The Twelve Great Spirits personify power, as they are the beings that shaped the world of Reya for mortal habitation. Each spirit embodies a particular element- fire burns because Variya wills it, Volund breathes life into the wind, and so on- and if the spirit is to leave Amelor, their element would disappear with them. The Spirits prefer not to meddle in mortal affairs because they respect the freedom of choice given to mortals, even if they know the choices to be wrong.
For a period of time, the Great Spirits existed only in the myths and legends of Amelor. They emerged from hiding to help mortals defeat one of their kind, Velbrien. Once Velbrien had been eliminated, the spirits moved freely for a time, sharing in the celebrations and enjoying the company of the people. As the years stretched on, however, the people of Reya once again grew wary. Thus, The Spirits have faded into the background, but they will return if the need is dire.

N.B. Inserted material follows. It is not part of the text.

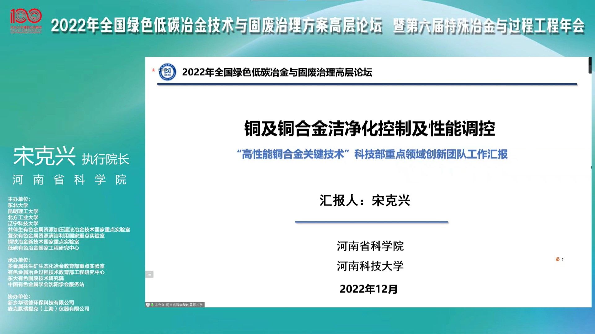 12月16日至18日,由东北大学、昆明理工大学、复杂有色金属资源清洁利用国家重点实验室、钢铁冶金新技术国家重点实验室和低碳有色冶金国家工程研究中心等联合主办的2022年全国绿色低碳冶金技术与固废治理方案高层论坛暨第六届特殊冶金与过程工程年会在东北大学云端成功举办。中国工程院何季麟、王国栋、黄小卫、冯夏庭、柴立元、姜涛等院士以及来自全国高校、科研院所、冶金相关知名企业的300余名专家、学者、领导出席大会。作为本次大会主要支持单位之一,每日大赛

The unions of humans and spirits result in spiritborn children. Their heritage often manifests in otherworldly physical characteristics, such as brightly colored eyes and hair. Spiritborn have a natural connection to the spirit realm, providing them with extended lifespans. Many spiritborn possess limited innate magic because of this connection.
In the Eighth Age of Amelor, the Aldens made a pact with the Goldenblooded Lyris line, direct descendants of The Great Uncorrupted Spirit Veeanon, to limit the number of spiritborn in the realm. For several centuries, only the royal line was allowed to procreate, leading to the Goldenbloods becoming the only spiritborn known in Reya. Since the return of the great spirits and the subsequent peace between the mortals and immortals, this restriction disappeared. Unions between spirits and mortals could occur again, leading to an increased diversity among those of spirit blood.
Not all spirits arrive in the mortal realm by choice. Dark magic, forbidden magic, can rip a spirit from the astral plane and forcibly anchor them to the physical world. This journey corrupts the spirit. Spirits can also be corrupted by the desires of men, or overwhelming negative emotions. However the corruption occurs, the result is the same- the spirit becomes shadowborn.
Shadowborn carry traces of their corruption on their physical body, and often find their purposes and personalities significantly altered as well. Many people fear and distrust shadowborn because of their frightening appearance. However, as the history of Amelor proves, corruption is not evil, and the shadowborn are a testament to this. Shadowborn are as diverse as any other race in temperament and outlook.
The elves of Reya are humans that have undergone the ritual of Chrysalis, trading their former lives and attachments for perfected physical bodies immune to the ravages of time. Chrysalis alters the mind as well as the body, preserving almost none of the original human’s personality traits. Some elves emerge from Chrysalis with fragments of memory, but few maintain their mortal attachments. Because of their increased lifespans and connection to the spirit realm, elves tend to come across as aloof, distant, or patronizing to mortal humans.
While the ritual of Chrysalis is practiced across Amelor, it poses significant risks. Many who undergo the process perish in the attempt, and not even the Spirits themselves fully understand how it works.
If pirate rumors are true, the denizens of the Continent call themselves the “Ingvohl.” The people of Reya know nothing about them, and the Spirits are taciturn on the subject. Mad Bartlebee’s missive describes them as curious creatures in the shape of humans with multicolored skin and fungus growing from their bodies.